So what do you guys think?


----------



## SBOB (5/2/16)

I would say 2 packs would be fine, and I likely wouldn't bother rehydrating but thats an entirely different question and can of worms


----------



## Vini2ton (5/2/16)

If I was using us-05 I'd probably use 1, rehydrated. But if I was using s04 I'd use 2, rehydrated. I made some stout with californian lager yeast which is yum. I reckon rehydrating dry yeast as per spec kicks it off faster.


----------



## louistoo (5/2/16)

I pitched the two hydrated packs already anyway, but can see the logic in one pack. Last time I pitched 2 (hydrated!) in a wort of similar gravity and had a massive amount of yeast at end of a very vigorous ferment. Made a nice beer though!

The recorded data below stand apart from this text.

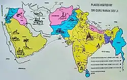 The four Udasis and other locations visited by Guru Nanak
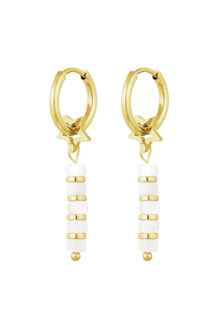 Yehwang - Oorbellen ster met kralen - goud/wit Stainless Steel
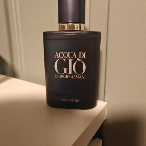 Giorgio Armani Acqua di Giò Profondo parfyme. Flaske med mørk design, egnet for bruk som herreduft. Anslår det er igjen 35 - 40 ml. Dette er en 75 ml flaske. Ca 3 år gammel. Ikke magnetisk cap.
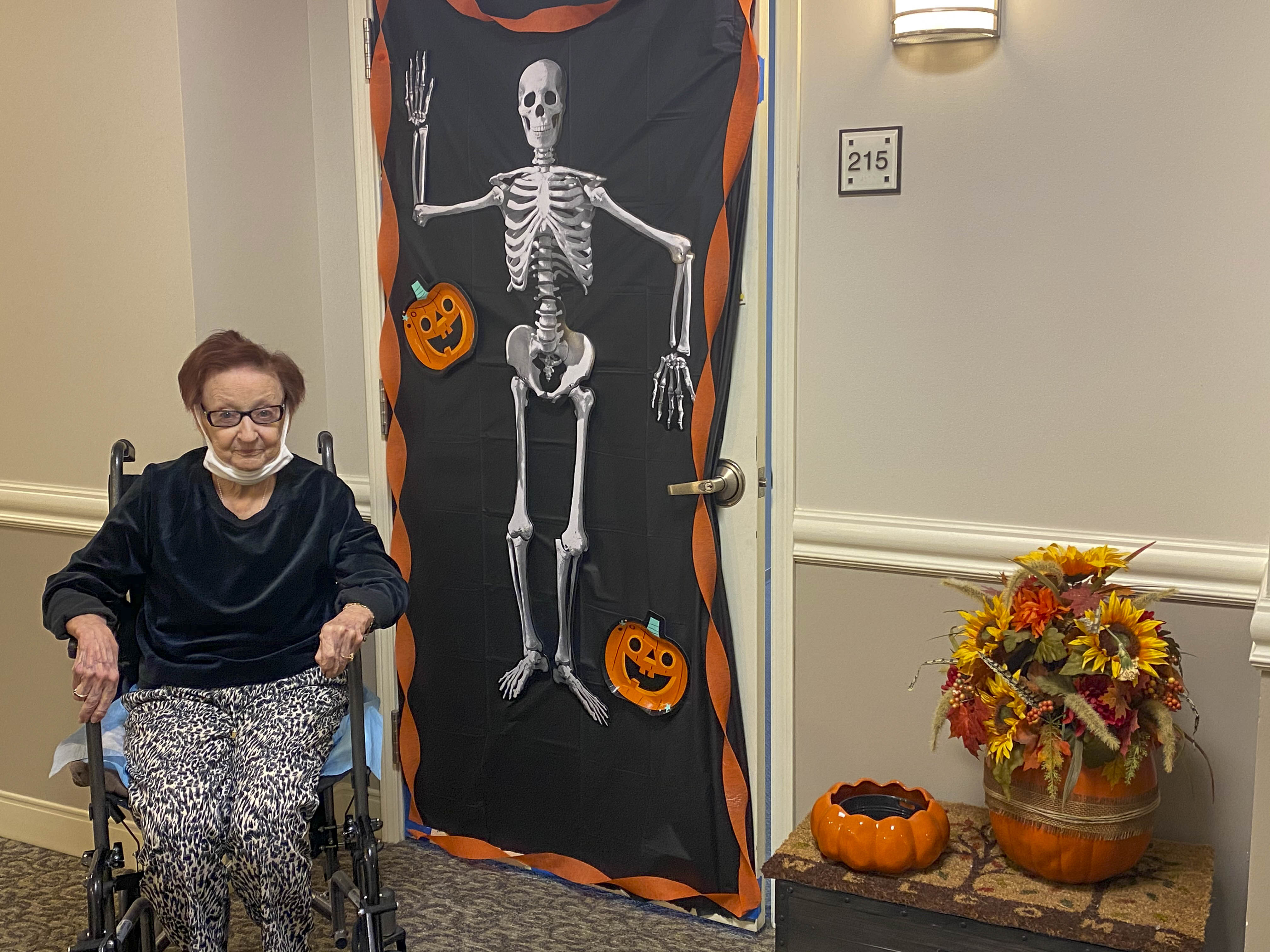 It was also great to see family again.  The middle of October, Mom Dorthy’s facility began allowing essential visitors inside if they obtained a negative COVID test.  So – after 7 months E could finally give Mom a hug!  And get her ready for Halloween – –

edit; confusing though the varying advice given, still thanks for your thoughts.


----------



## JDW81 (5/2/16)

SBOB said:


> I likely wouldn't bother rehydrating but thats an entirely different question and can of worms


I rehydrate and sometimes brew with pants on.

Go with two packs, rehydrate and brew pantsless, it's the only way.


----------



## Mr. No-Tip (5/2/16)

Two packets rehydrated was the way to go. Quicker start. Healthy ferment.


----------



## Chridech (5/2/16)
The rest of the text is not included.